[TASK ITEM]
Print each record that follows exactly, leaving the pictures behind.

[SOURCE INFORMATION]

--

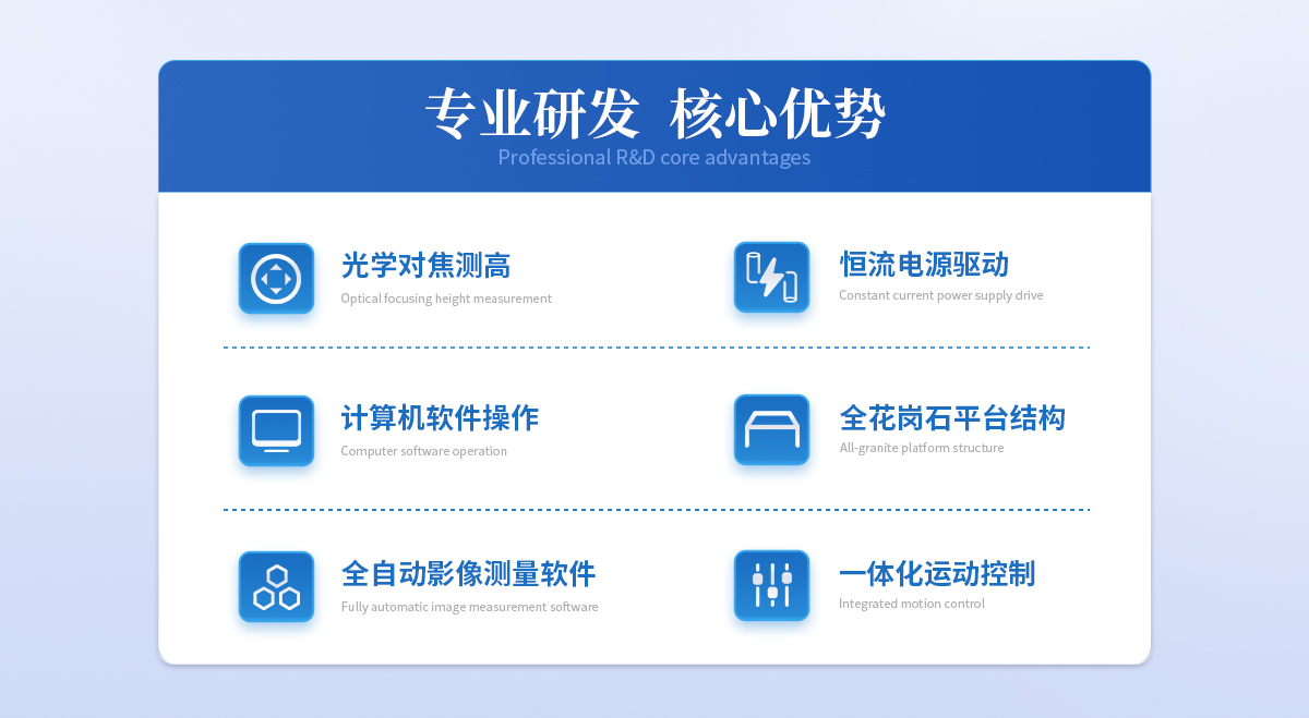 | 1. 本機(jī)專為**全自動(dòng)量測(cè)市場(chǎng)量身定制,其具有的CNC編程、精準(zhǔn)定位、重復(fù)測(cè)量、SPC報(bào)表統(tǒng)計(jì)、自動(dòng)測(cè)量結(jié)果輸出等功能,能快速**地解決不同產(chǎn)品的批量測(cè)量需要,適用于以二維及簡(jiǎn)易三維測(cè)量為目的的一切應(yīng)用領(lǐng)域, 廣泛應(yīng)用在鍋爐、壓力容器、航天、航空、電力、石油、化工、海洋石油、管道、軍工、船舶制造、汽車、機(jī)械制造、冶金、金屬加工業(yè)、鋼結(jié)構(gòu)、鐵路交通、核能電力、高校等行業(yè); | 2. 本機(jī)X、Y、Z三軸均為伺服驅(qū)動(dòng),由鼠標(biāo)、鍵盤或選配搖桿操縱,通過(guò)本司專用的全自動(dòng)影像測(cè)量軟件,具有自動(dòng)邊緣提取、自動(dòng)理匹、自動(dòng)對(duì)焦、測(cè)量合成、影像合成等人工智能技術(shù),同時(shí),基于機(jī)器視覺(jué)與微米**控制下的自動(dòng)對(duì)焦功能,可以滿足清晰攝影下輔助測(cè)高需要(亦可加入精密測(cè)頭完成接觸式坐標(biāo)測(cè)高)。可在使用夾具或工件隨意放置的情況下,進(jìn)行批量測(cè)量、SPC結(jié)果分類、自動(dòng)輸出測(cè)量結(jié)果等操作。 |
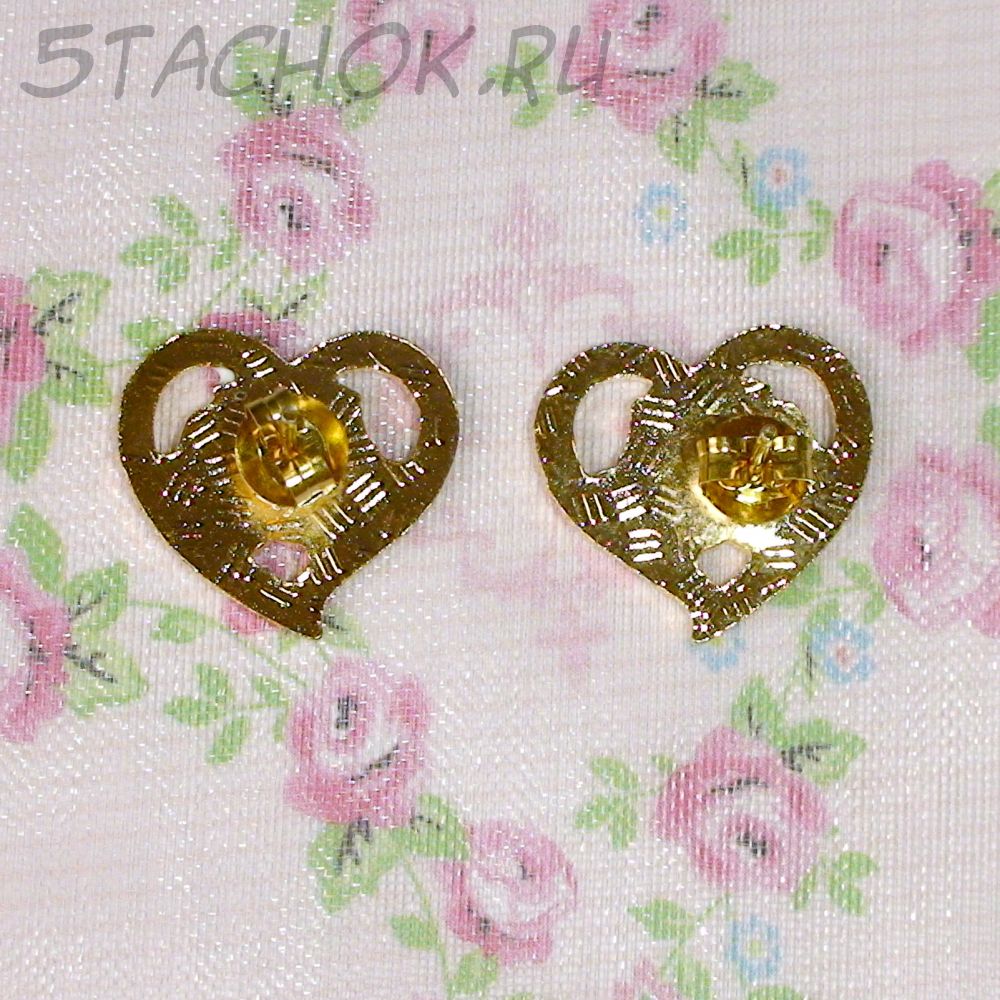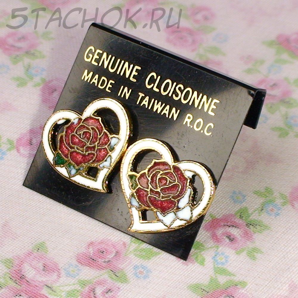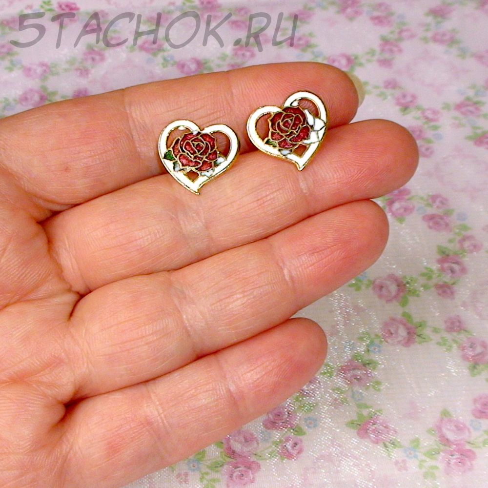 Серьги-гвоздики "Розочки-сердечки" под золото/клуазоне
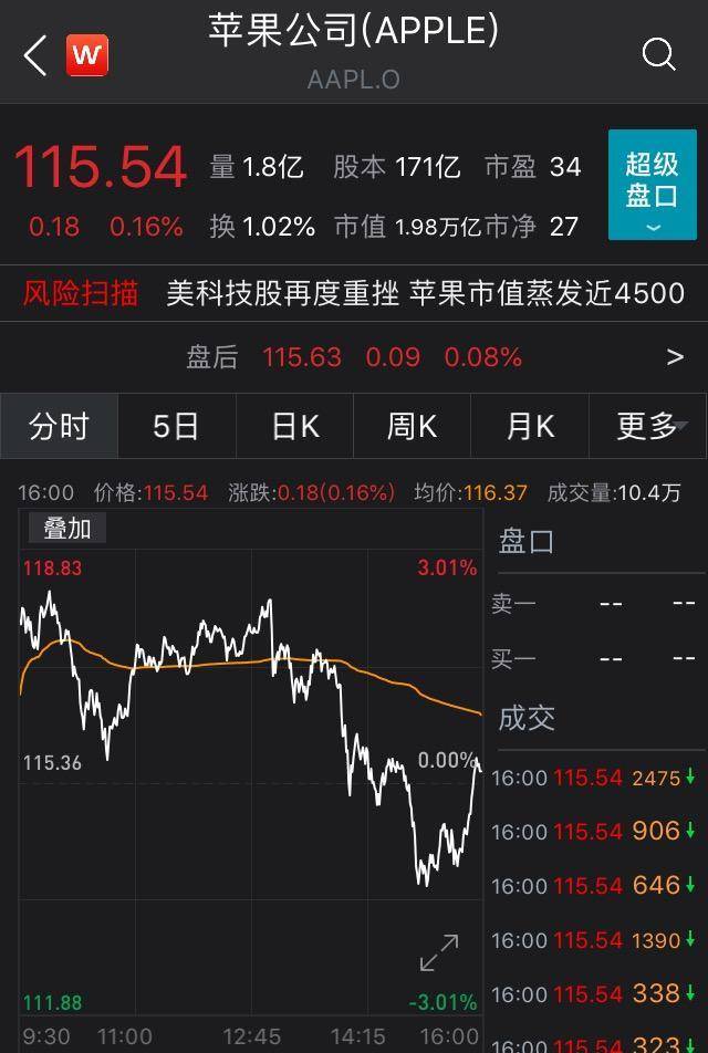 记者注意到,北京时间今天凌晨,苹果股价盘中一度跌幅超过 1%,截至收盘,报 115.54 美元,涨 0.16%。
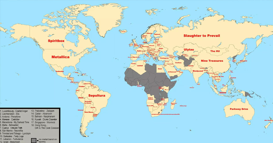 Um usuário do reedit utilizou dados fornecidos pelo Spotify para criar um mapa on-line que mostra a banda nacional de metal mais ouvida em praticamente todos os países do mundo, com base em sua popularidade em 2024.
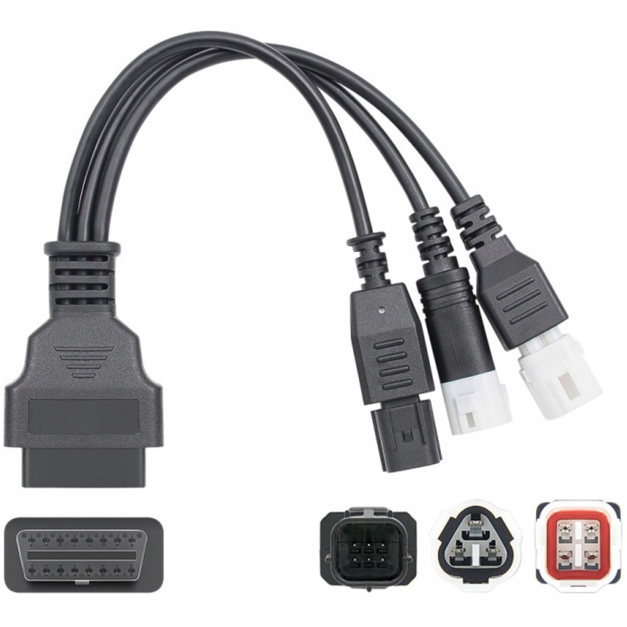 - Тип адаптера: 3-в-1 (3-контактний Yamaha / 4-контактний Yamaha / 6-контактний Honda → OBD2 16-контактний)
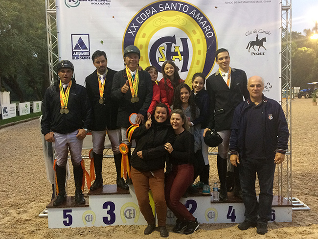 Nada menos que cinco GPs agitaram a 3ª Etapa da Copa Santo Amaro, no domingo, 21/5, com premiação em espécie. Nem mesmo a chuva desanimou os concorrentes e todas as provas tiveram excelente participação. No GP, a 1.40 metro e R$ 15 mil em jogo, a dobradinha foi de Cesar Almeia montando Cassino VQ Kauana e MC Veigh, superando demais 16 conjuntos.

--

[RESPONSE AREA]
 | 1. 本機(jī)專為**全自動(dòng)量測(cè)市場(chǎng)量身定制,其具有的CNC編程、精準(zhǔn)定位、重復(fù)測(cè)量、SPC報(bào)表統(tǒng)計(jì)、自動(dòng)測(cè)量結(jié)果輸出等功能,能快速**地解決不同產(chǎn)品的批量測(cè)量需要,適用于以二維及簡(jiǎn)易三維測(cè)量為目的的一切應(yīng)用領(lǐng)域, 廣泛應(yīng)用在鍋爐、壓力容器、航天、航空、電力、石油、化工、海洋石油、管道、軍工、船舶制造、汽車、機(jī)械制造、冶金、金屬加工業(yè)、鋼結(jié)構(gòu)、鐵路交通、核能電力、高校等行業(yè); | 2. 本機(jī)X、Y、Z三軸均為伺服驅(qū)動(dòng),由鼠標(biāo)、鍵盤或選配搖桿操縱,通過(guò)本司專用的全自動(dòng)影像測(cè)量軟件,具有自動(dòng)邊緣提取、自動(dòng)理匹、自動(dòng)對(duì)焦、測(cè)量合成、影像合成等人工智能技術(shù),同時(shí),基于機(jī)器視覺(jué)與微米**控制下的自動(dòng)對(duì)焦功能,可以滿足清晰攝影下輔助測(cè)高需要(亦可加入精密測(cè)頭完成接觸式坐標(biāo)測(cè)高)。可在使用夾具或工件隨意放置的情況下,進(jìn)行批量測(cè)量、SPC結(jié)果分類、自動(dòng)輸出測(cè)量結(jié)果等操作。 |
 Серьги-гвоздики "Розочки-сердечки" под золото/клуазоне
 记者注意到,北京时间今天凌晨,苹果股价盘中一度跌幅超过 1%,截至收盘,报 115.54 美元,涨 0.16%。
 Um usuário do reedit utilizou dados fornecidos pelo Spotify para criar um mapa on-line que mostra a banda nacional de metal mais ouvida em praticamente todos os países do mundo, com base em sua popularidade em 2024.
 - Тип адаптера: 3-в-1 (3-контактний Yamaha / 4-контактний Yamaha / 6-контактний Honda → OBD2 16-контактний)
 Nada menos que cinco GPs agitaram a 3ª Etapa da Copa Santo Amaro, no domingo, 21/5, com premiação em espécie. Nem mesmo a chuva desanimou os concorrentes e todas as provas tiveram excelente participação. No GP, a 1.40 metro e R$ 15 mil em jogo, a dobradinha foi de Cesar Almeia montando Cassino VQ Kauana e MC Veigh, superando demais 16 conjuntos.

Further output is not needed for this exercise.